Qatar likely to reform controversial labor system
James M. DORSEY
Qatar’s Lekhwiya team players react at the end of their AFC Champions League group C football match against UAE’s Al-Ain club. Qatar is under fire for its of its controversial 'kafala' system aheaf of the 2022 World Cup. AFP Photo
Qatar is preparing a radical overhaul of its controversial “kafala” or labor sponsorship system in response to mounting criticism that threatens the reputation capital it hopes to gain from hosting the 2022 World Cup.The expected reform is likely to include shifting sponsorship of foreign workers, who constitute a majority of the tiny Gulf state’s population, from individual employers to the government. It would also allow workers to seek alternative employment without permission of their sponsor after a period of notification. Qatar would further work with the major supplying countries to establish regulated employment agencies to cut out corrupt middlemen.
It was not immediately clear whether the changes once announced would satisfy international trade unions and human rights groups that have denounced the kafala system as modern day slavery and called for its abolition.
Pressure is mounting on Qatar with world football body FIFA president Sepp Blatter scheduling a second trip to Qatar following extensive debate of the issue, as well as continued questions about the integrity of the Qatari World Cup bid at a meeting last month of the group’s executive committee. The United Nation’s International Labor Organization, moreover, has joined the choir calling for reform as well as the authorization of independent trade unions and the right to collective bargaining.
Qatar has suffered substantial reputational damage as a result of the criticism and questions. The Gulf state, which is engaged in a cold war with neighboring Saudi Arabia because of its support for the Muslim Brotherhood, needs to take the sting out of criticism given that the World Cup is a centerpiece of its sports strategy that is designed to create the kind of soft power necessary to compensate for its lack of military hard power.
While it has actively engaged with its critics and two of its major institutions – the Supreme Committee for Delivery & Legacy and Qatar Foundation- have issued charters of workers’ rights and welfare standards to be included in contracts, Qatar is still perceived as moving too slowly.
Independent trade unions
The International Confederation of Trade Unions (ITUC), Qatar’s harshest critic, has questioned the Gulf state’s sincerity, charging that it is treating the issue as a public relations problem.

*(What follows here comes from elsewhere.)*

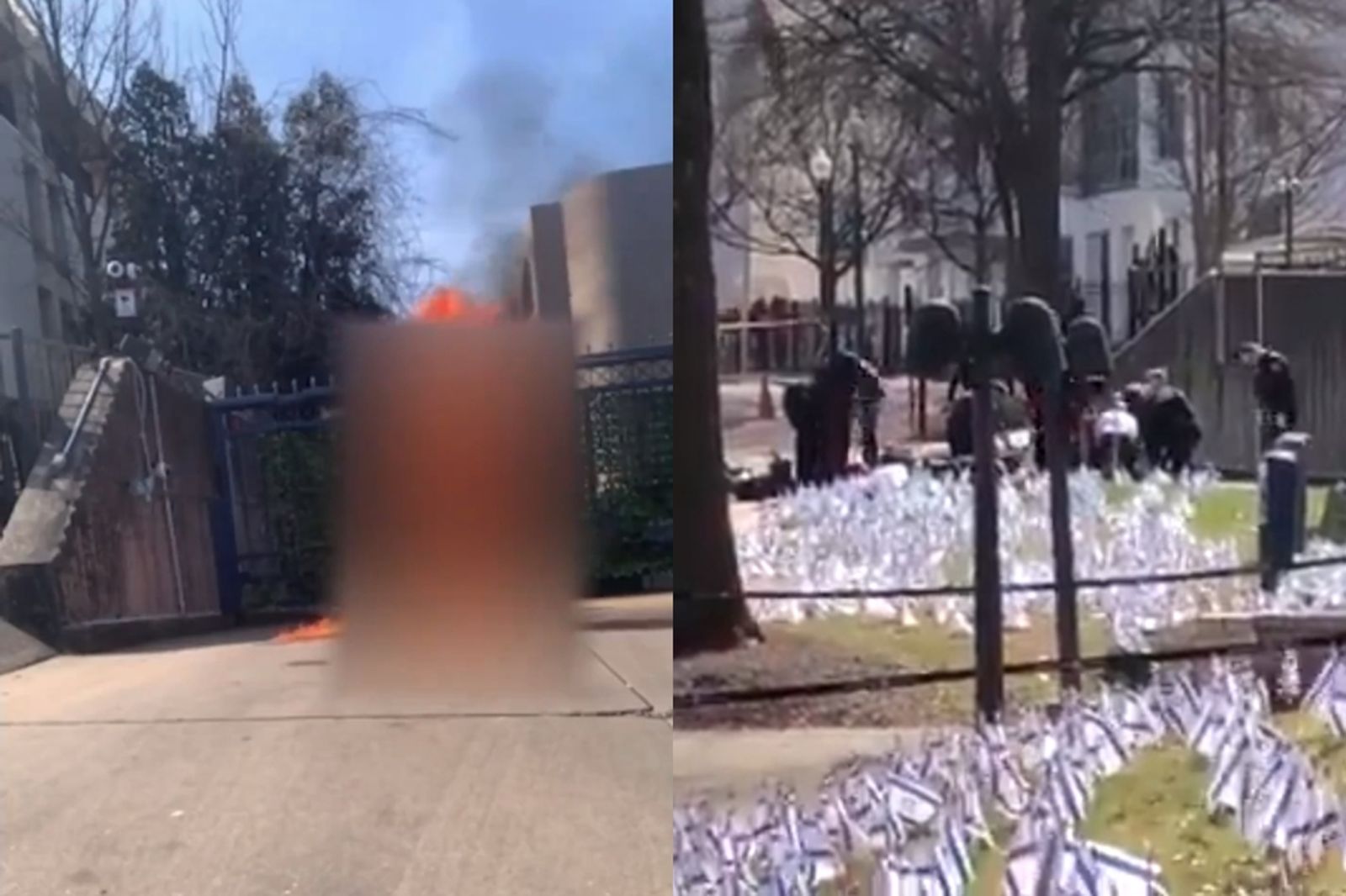 影片中可見,他將錄音裝置放在地上,並且往身上潑灑液體後點火,且反覆高喊「自由巴勒斯坦(Free Palestine)」。儘管發現的員警馬上用滅火器試圖撲滅火焰,但男子最終還是倒地,事後被送往醫院急救,目前仍處於危急狀態。
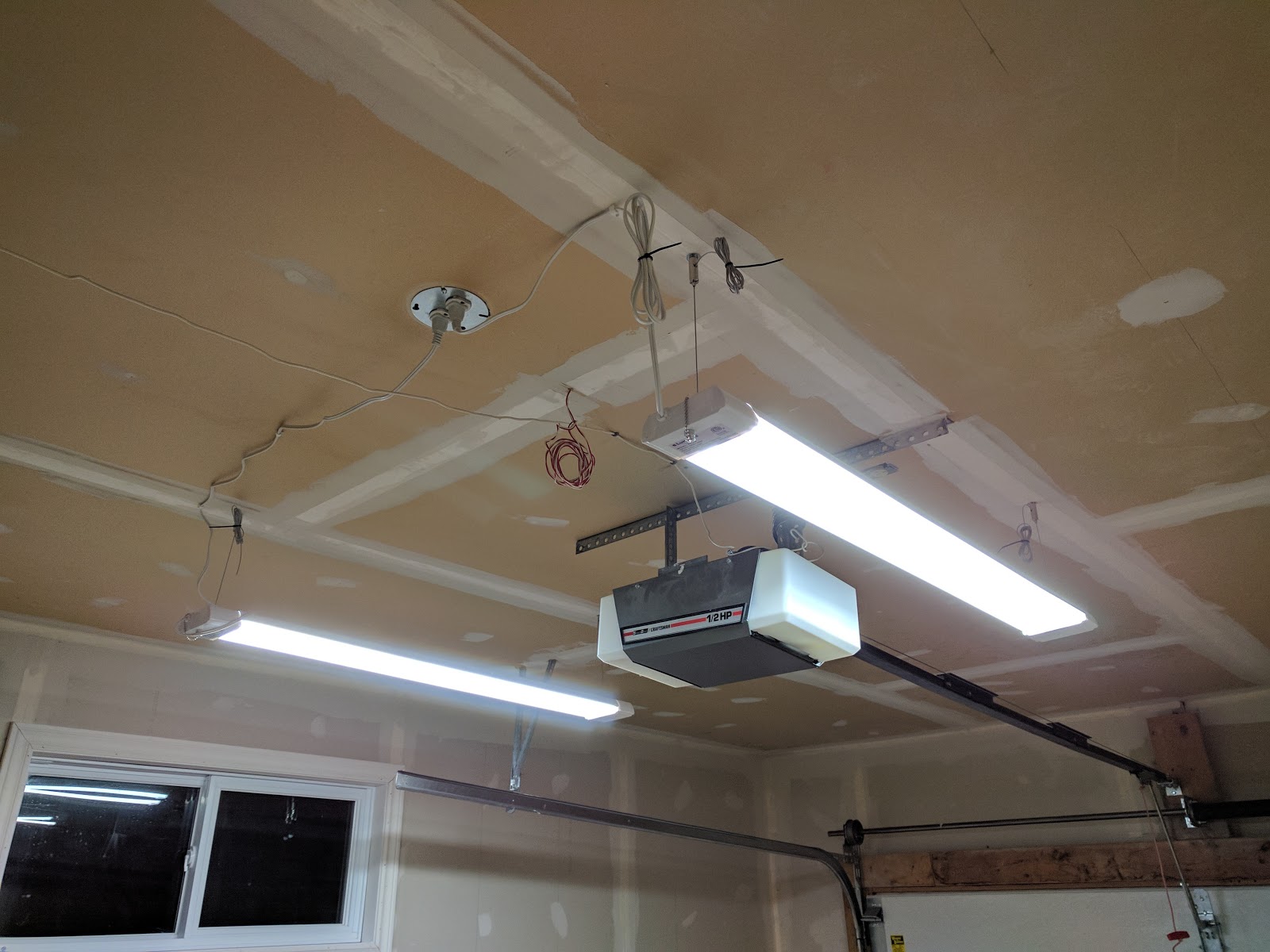 The garage originally had a bare bulb socket with a switch in the front and one in the back porch. I had the electrician who came to do some work around the house replace the socket with an electrical socket and plugged in two LED shop lamps I got from Costco. 4000 lumens per fixture makes the garage feel like you're standing on the sun.

The charters and proposed changes to the kafala system, which puts employees at the mercy of their employers, focus on workers’ material and living conditions, as well as corruption in the recruitment system that puts foreign workers into heavy debt even before they arrive in Qatar.
Qatar hopes that these changes will enable it to fend off demands, like the right to form independent trade unions and collective bargaining that would fundamentally alter the Gulf state’s social structure in which the citizenry accounts for a mere 12 percent of the population as well, as its enlightened autocracy.
Members of a visiting European Parliament delegation said Qatari officials had discussed the expected changes to the kafala system with them. The Parliament held in February a hearing about labor conditions in Qatar.
“The Qatari government has assured us they will make reforms to the sponsorship system and bring forward a law for the protection of domestic workers, where sexual abuse of women is at its greatest,” said Richard Howitt, a British Labour Party member of the European Parliament.
Mr. Howitt posed three questions at a news conference that reflected the changes Qatar was preparing. “Will the government itself become the sponsor, rather than the employer? Will the government introduce a right for employees to seek a new job after a notice period without requiring permission from the previous employer? Will the government help set up regulated recruitment agencies in co-operation with sending countries, to end the problem of employees becoming so indebted that they cannot escape?” Mr. Howitt asked.
The changes would keep the kafala system in place, but would remove its most onerous bits. Sponsorship from the government promises that workers will no longer be exposed to the whims of their employers. Freedom to switch employers reduces a worker’s dependency.
Qatar Foundation, which drives social and educational development in the Gulf state, has been working on a reform of the recruitment system for more than a year in a bid to ensure that workers do not pay heavy fees to middlemen for their recruitment and kickbacks of some $600 per head to corrupt company human resource managers. Its charter adopted by the World Cup organizers establishes the principle that a worker should not pay for his or her recruitment. Qatar appears to have opted for working with mostly Asian countries supplying labor to establish regulated employment agencies, rather than setting up its own recruitment system.
The trick for Qatar now is to match its words with deeds. “Our visit is not done, we must continue this task. But the openness and the huge commitment to improve the situation is something we take back home. This has been a very positive start, “said German Christian Democrat Angelika Niebler.